Lichtenberg participated in several Scandinavian societies for Project Management, and was one of the first members of North American Project Management Institute (PMI). In 1982 he was elected president of the International Project Management Association as successor of Roland Gutsch, and was succeeded by Eric Gabriel in 1985. In 1986 Lichtenberg the Danish Brewery Association awarded him the distinguished gold medal, and in 1993 he was made honorary member of the International Project Management Association.

== Work ==
=== The Lichtenberg Technique ===
In his book Project management Tonnquist (2009) summarized the successive principle method by Steen Lichtenberg:
"The Danish professor Steen Lichtenberg has defined a method which takes all this into consideration. This method is also called the successive principle.
The method involves placing uncertainties on all labor and cost estimations, on top of an estimation of the probable value. Minimum and maximum values indicate the range of uncertainty, also called the uncertainty analysis. The probability that the mean value falls outside of the range min and max must not be more than one percent.
The time schedule estimation is based on assumptions, official or unofficial, e.g. on who will carry out a task, how the weather is or access to resources. The uncertainty is further dealt with in the parts which are most significant for the project's total uncertainty.
Since there are many unknown factors in a project the range between min and max will be significant. The project's completion date and total costs will not be a mean value, but a probability assessment..."

=== Reception ===
According to Per Svejvig (2013) Steen Lichtenberg played a pioneering role in the rethinking of project management in Denmark. He stated, that:

"Steen Lichtenberg, who back in 1983 wrote about the Scandinavian alternative to the “only one concept of good project management” (Lichtenberg, 1983). Lichtenberg has had a great influence on the Danish project management community with his proactive management of uncertainty using the successive principle (Lichtenberg, 2000), which has augmented the technocratic rational view..."

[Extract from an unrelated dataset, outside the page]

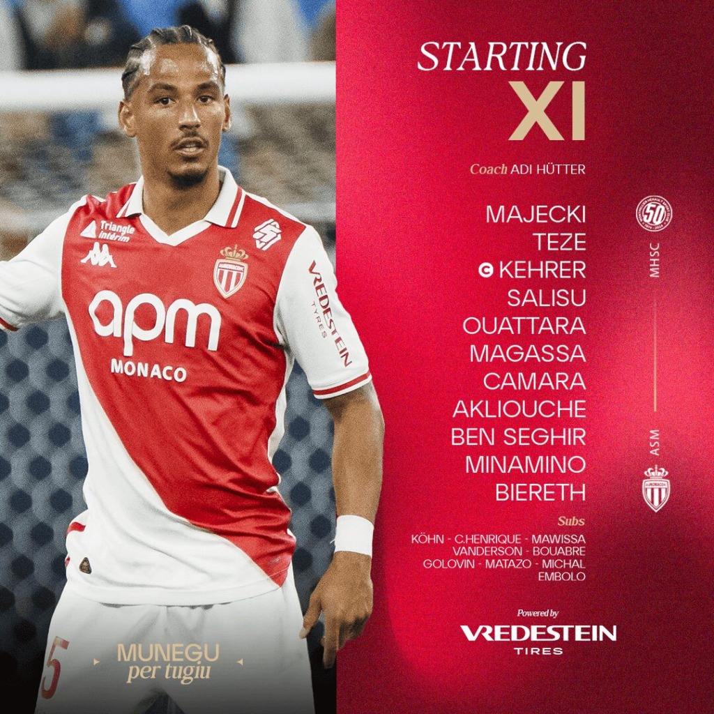 AS Monaco: Majecki - Teze (Vanderson, 65’), Kehrer ©, Salisu, Ouattara (C.Henrique, 61’) - Magassa, Camara - Akliouche (Michal, 61’, Golovin, 81’), Minamino, Ben Seghir (Embolo, 77’) - Biereth
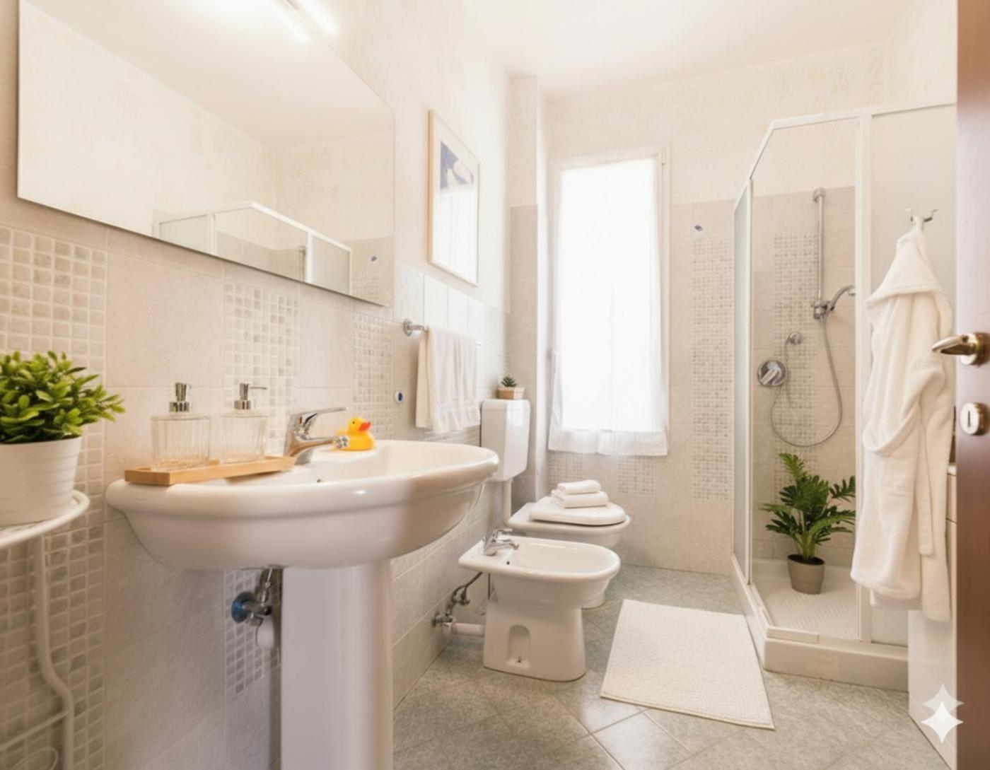 Appartamento con 2 Camere da Letto. This spacious apartment consists of 1 living room, 2 separate bedrooms and 1 bathroom with a shower and a bidet. Guests can make meals in the kitchenette that is equipped with a stovetop, a refrigerator, kitchenware and an oven. The air-conditioned apartment provides a flat-screen TV, a washing machine, a seating area, a dining area as well as sea views. The unit offers 4 beds.

== Selected publications ==
- Steen. Lichtenberg. Project planning: a third generation approach: on some procedures for balanced timing and resource planning of construction projects. Polyteknisk Forlag, 1974.
- Lichtenberg, Steen. Projekt planlægning-i en foranderlig verden. 1978.
- Lichtenberg, Steen. Proactive management of uncertainty using the successive principle: a practical way to manage opportunities and risks. Polyteknisk Press, 2000.
- Lichtenberg, Steen. Proaktiv ledelse af usikkerhed ved hjælp af successiv princippet: en praktisk måde at håndtere muligheder og usikkerheder på. COMPILOT.dk | E-bog: Molio.dk, 2023. Translation: Henrik K . Søndergaard. The edition include two new chapters about: Reference Class Forecast & "Tandem analysis"(Tandemsanalyser).

- Articles, a selection
- Lichtenberg, Steen. "The successive principle." Proceedings of the PMI International Symposium, Project Management Institute, Washington, DC, USA. 1974.
- Lichtenberg, Steen. "New project management principles for the conception stage: outline of a new ‘generation’." International Journal of Project Management 7.1 (1989): 46-51.
- Archibald, Russell D., and Steen Lichtenberg. "Experiences using next generation management practices. The future has already begun." keynote paper, Proceedings IPMA* 1992 World Congress, Florens, Italy. 1992.
- Sunde, Leif, and Steen Lichtenberg. "Net-present-value cost/time tradeoff." International Journal of Project Management 13.1 (1995): 45-49.